Schematic description of RNA-guided Cas9 constructs designed for genome editing. a Structure of the binary vector plasmid based on pBract211 used to deliver Cas9:sgRNA components into barley plants. The Gateway cloning site is replaced by the sgRNA cassette; P-ZmUbi, maize ubiquitin promoter; Cas9-int, synthetic gene of nuclease Cas9 with an intron and nuclear localization signal; nos, nopaline synthase terminator; P-35S, CaMV35S promoter; Hyg-int, hygromycin resistance gene; kmR, kanamycin resistance gene. b Structure of the pCR8/GW/TOPO-sgRNA vector used for assembling the sgRNA or PTG constructs. Either oligo duplex for simplex editing or polycistronic tRNA-gRNA (PTG) for multiplex editing can be cloned between the U6 promoter and gRNA scaffold using BsaI-generated overhangs. c Structure of the polycistronic tRNA-gRNA unit with two spacers used for multiplex editing
Design of the PTG cassette
A polycistronic tRNA-gRNA cassette was designed for a simultaneous targeting of the HvCKX1 and HvCKX3 genes using a single U6-gRNA construct. The sgRNA elements were flanked by glycine-tRNA sequences from barley (ASM32608v1:7:24838229:24838299:1) and cloned between the TaU6 promoter and gRNA scaffold after cutting it with the BsaI restriction enzyme. The sequences of TaU6 promoter and gRNA scaffold were the same as for sgRNA. The sequence of the PTG construct is shown in Table S2 and the detailed assembly protocol is described in Additional file 1: Methods S1.
Agrobacterium-mediated transformation
Immature embryos of barley cv Golden Promise were transformed using the protocol of Harwood et al. [43] with modifications. The donor plants were grown in a controlled environmental chamber at 18 °C day and 12 °C night temperatures, and a 16 h photoperiod with 350 μmol/m2/s light intensity provided by fluorescent lamps. The same conditions were applied to regenerated transgenic T0 plants. The immature embryos were isolated from surface-sterilized caryopses, and after excising the embryonic axes were placed on callus induction medium (CI) (see Additional file1: Table S3 for medium composition) scutellum side up. On the same day the embryos were inoculated with Agrobacterium tumefaciens culture with the addition of 200 µM of acetosyringone. The Agrobacterium culture was grown overnight on MGL medium without antibiotics at 28 °C. Directly after inoculation the embryos were transferred to fresh CI medium, scutellum side down, and co-cultivated for 3 days in the dark.

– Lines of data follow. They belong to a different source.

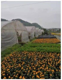 往前走两个棚,风一掀帘,明晃晃的橙黄色先撞进眼里。这是第二张图里的万寿菊苗,挨挨挤挤地举着花苞,像撒了一地小太阳。老陈掐了掐最外层的叶片,脆生生的汁液沾在指腹:“这批是给城里花坛订的,过两周就能移栽。去年这时候降温,好几棚苗冻蔫了,今年早早就把二层膜搭上了。” 远处的山尖还蒙着雾,棚里的花却已经热热闹闹地等着春深。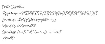 Signatriaの独特な特徴、微妙な不規則性と柔らかな曲線は、その親しみやすい個性を高めつつ、可読性を維持します。このフォントファミリーは、特にブティックビジネスやファッションブランドに適しており、ロゴ、パッケージ、クリエイティブなタイトルに洗練された個人的なタッチを提供します。その芸術的なひねりとエレガントなデザインにより、Signatriaは手作りの感触を重視するプロジェクトにおいて探求を促します。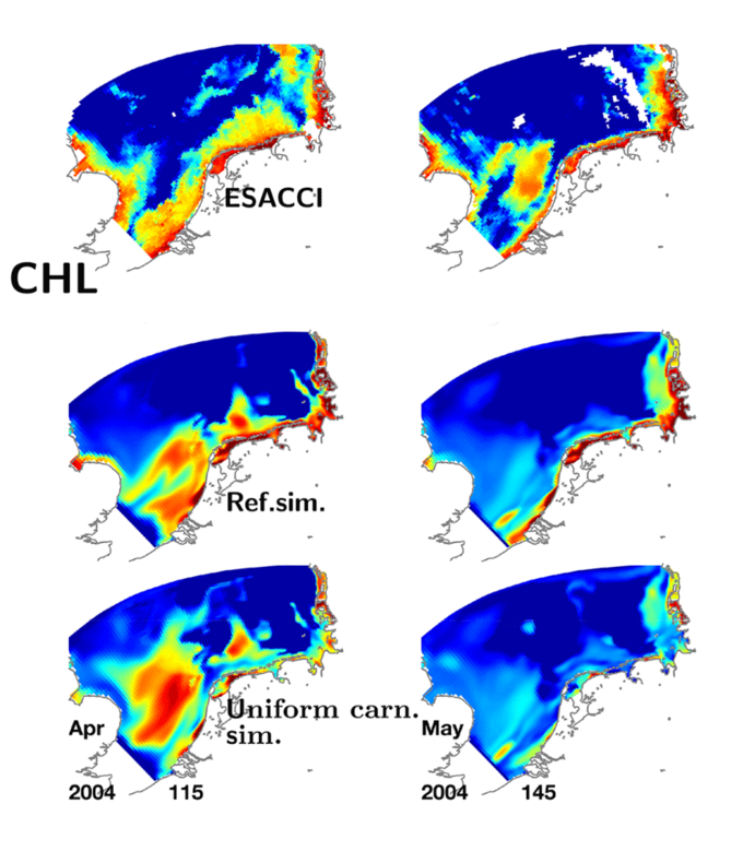 Mitte: Referenzsimulation mit Kaskadeneffekt, d.h. erhöhtem küstennahen Frassdruck auf Zooplankton. Es zeigt sich, dass eine solche ökosystemareModellierung, die komplexe Zusammenhänge und Interaktionen in Nahrungskette einschließt, besser die reale Entwicklung abbilden kann (vgl. Satellitenbild);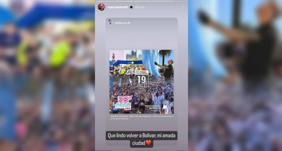 El senador provincial Eduardo 'Bali' Bucca publicó en su cuenta de Instagram la foto en la que se lo ve a Tineli izando la bandera en el mástil central de Bolívar y tiene la fecha de la próxima maratón. El reconocido conductor compartió el posteo con la inscripción “qué lindo volver a Bolívar, mi amada ciudad”.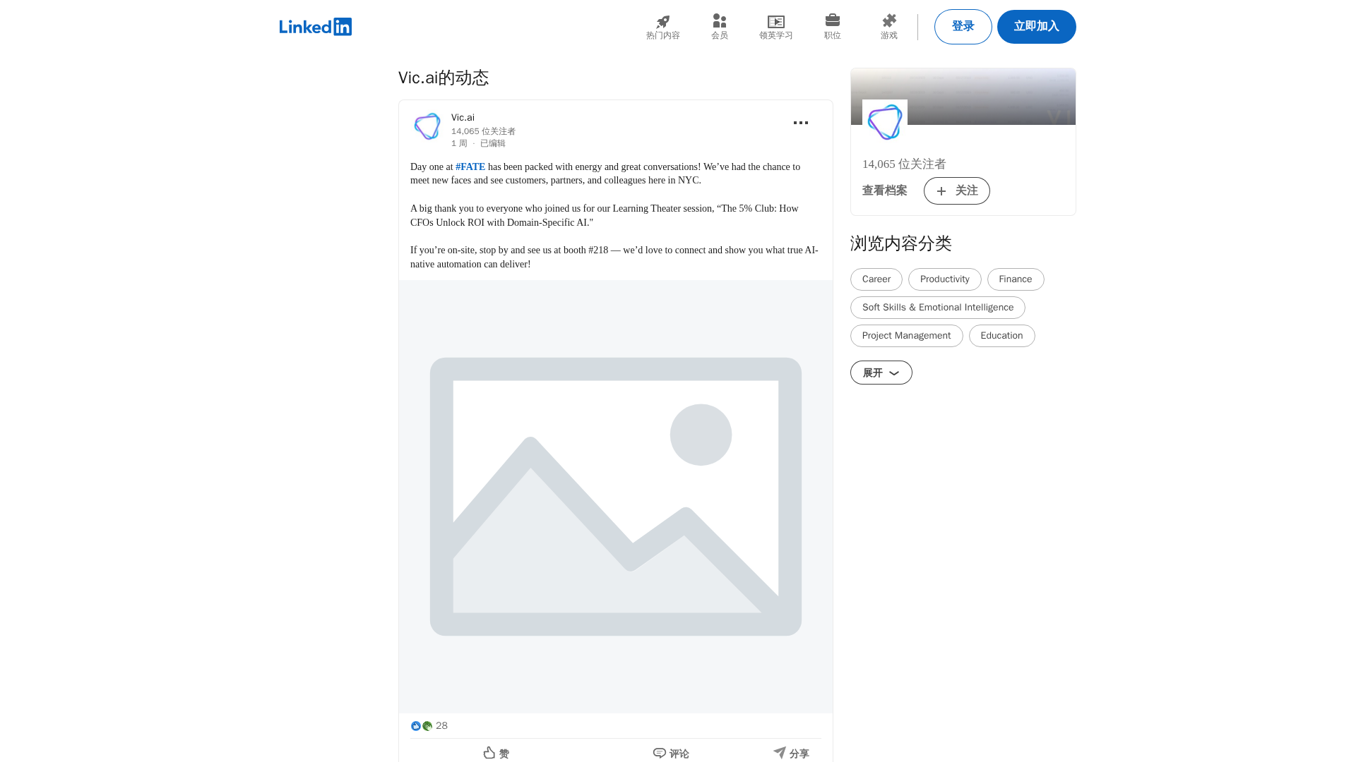 Vic.ai reports Day One at FATE NYC, highlighting a CFO ROI session and AI-native automation at booth 218.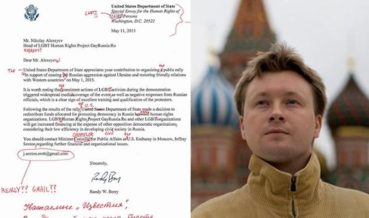 The popular daily paper on Wednesday published excerpts from a letter it claimed was written by U.S. Special Envoy for the Human Rights of LGBTI Persons, Randy Berry, to Alekseyev. The newspaper alleged the letter was exposed by hackers in an effort to "discredit Russian officials," according to a Google translation of the article's headline.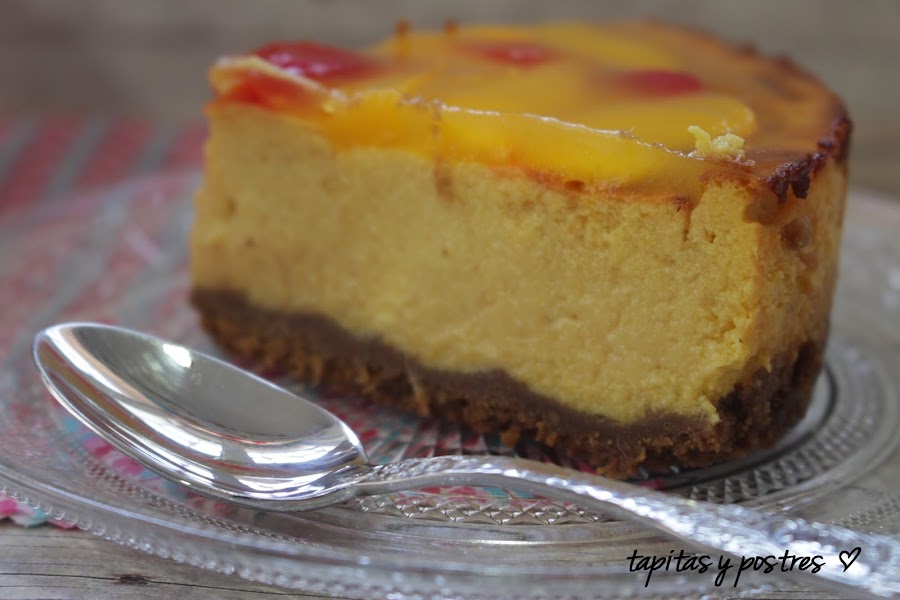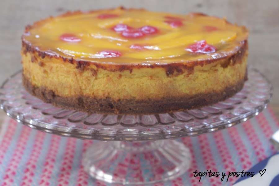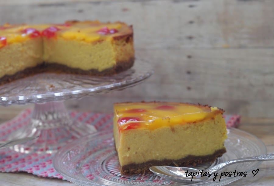 Pero una tarta distinta, de requesón con puré de mango y gelatina de mango en la cobertura. Una tarta suave y no muy empalagosa, con el punto fresco que le da la fruta.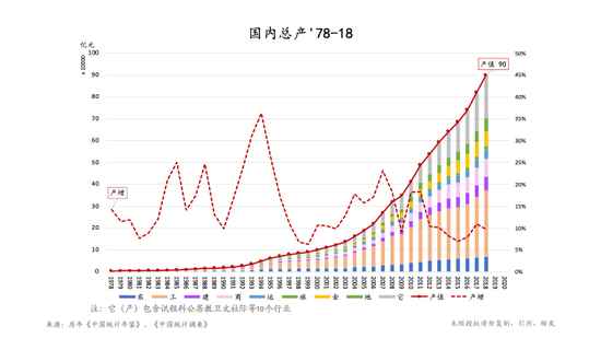 下面看一下1978年-2018年经济总量分行业的结构,除了刚才说的对于消费和投资的观察,这是根据《中国统计年鉴》提供的数据,可以看出来在农业、工业、建筑、商业、运输,住宿、餐饮跟旅行相关的行业、金融地产以及其它行业,(标准是20个行业),归在其它(它)中是电信、租赁、科研、公共设施、居民服务、教育卫生、文化、社会组织、国际组织等9个行业类别。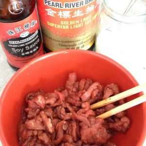 牛肉切丝酱油和盐拌匀(生抽可以不加,待会儿用)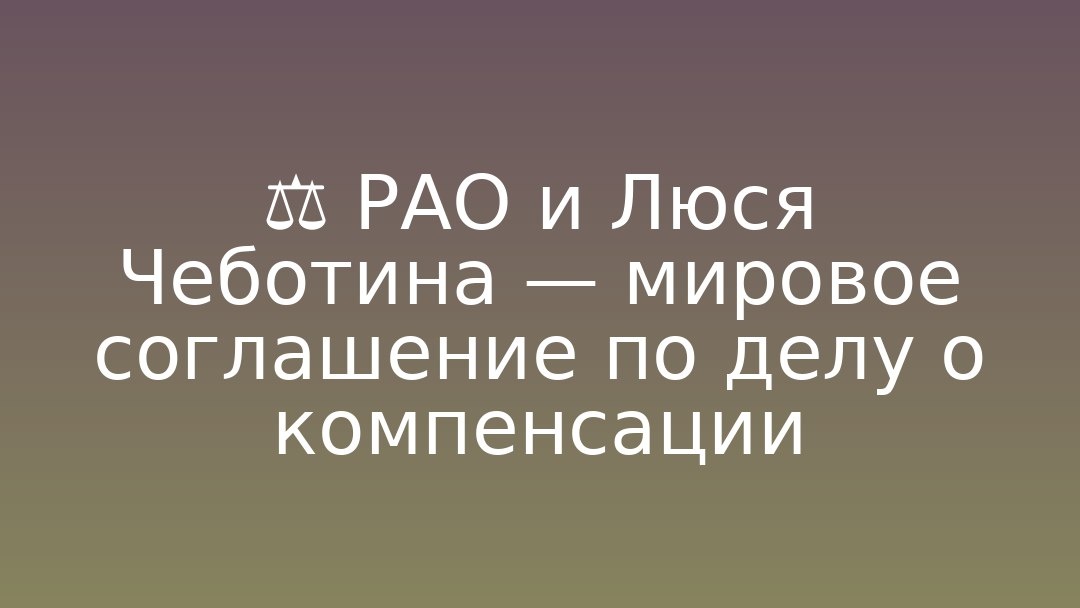 Российское авторское общество и Люся Чеботина направили в арбитражный суд ходатайства об утверждении мирового соглашения по делу о взыскании 160 000 руб. компенсации за незаконное исполнение произведений других авторов. Основанием иска РАО указывало «незаконное использование музыкальных произведений» на концерте «Первая леди» на площадке Live Арена в декабре 2024 года. По данным РАО, на концерте были без разрешения исполнены 8 композиций, в том числе «Разве ты любил» (авторы — Игорь Николаев и Игорь Крутой). Организатором концерта являлась компания, принадлежащая Чеботиной.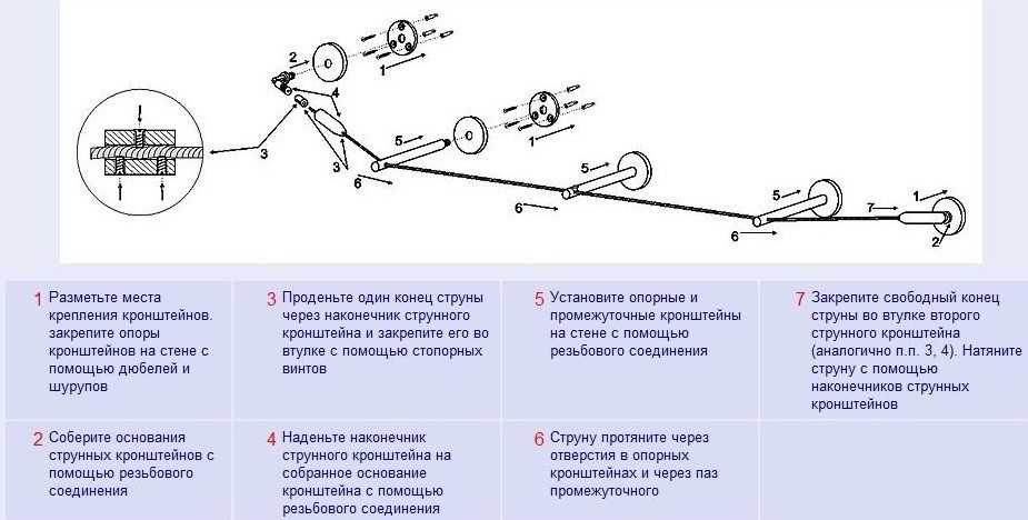 - Струнные карнизы можно размещать как на потолке, так и на стенах. В определенных точках крепления просверлите отверстия, забейте пластиковые дюбели, привинтите шурупами, вставьте струну, зафиксируйте и натяните ее с помощью натяжного устройства, расположенного на креплении.

After co-cultivation the embryos were transferred to fresh CI plates containing hygromycin as a selective agent and Timentin to eliminate Agrobacterium from the culture. The embryos and emerging calli were cultured at 22–23 °C in the dark for 6 weeks, and passed to fresh selection CI medium every 2 weeks. Embryo-derived calli were transferred to the transition medium (TR) and incubated at 22–23 °C for 2–3 weeks under low light conditions that were achieved by covering the plates with two sheets of filter paper. Small regenerating shoots, which emerged during this time, were transferred to regeneration medium (Reg) and cultured under full light conditions until they formed 2–3 cm plantlets with small roots. The plantlets were next transferred from plates to glass jars with half-strength MS medium without growth regulators but still containing hygromycin and Timentin. Plants, which formed a strong root system, were planted into soil. For the first 2 weeks the plants in the pots were covered with transparent glass jars for acclimation to new conditions. The putative transgenics were PCR screened for the presence of a T-DNA fragment using primers specific to the hpt gene (see Additional file 1: Table S1).
Detection of mutations induced by RNA-guided Cas9
For each PCR-positive transgenic plant leaf tissue samples were collected for extraction of genomic DNA. Tissue fragments were collected from possibly every leaf to minimize the risk of false negatives in case of chimeric plants. Genomic DNA was extracted using a standard CTAB method [44]. The target genes were amplified with specific primers flanking the designed target sequence (see Additional file 1: Table S1 for primer sequences) using Q5 Hot-start polymerase (NEB). After amplification, 10 µl of the PCR mixture was taken for restriction digestion with the BsmAI (HvCKX1 and Nud) or BanII (HvCKX3) enzymes. The digested amplicons were separated on 1.5% agarose gels and imaged on a Kodak Gel Logic 200 Imaging System. PCR products from samples with mutations detected on the gel were cloned into the pGEM-T Easy vector (Promega) for sequencing. At least 10 clones from each sample were sequenced.
Statistical analysis
The confidence level for segregation ratios of T-DNA in T1 lines was calculated in Excel spreadsheet using Chi squared test.
Results
Strategy for simplex and multiplex genome editing of barley based on an optimized Cas9 and gRNA module.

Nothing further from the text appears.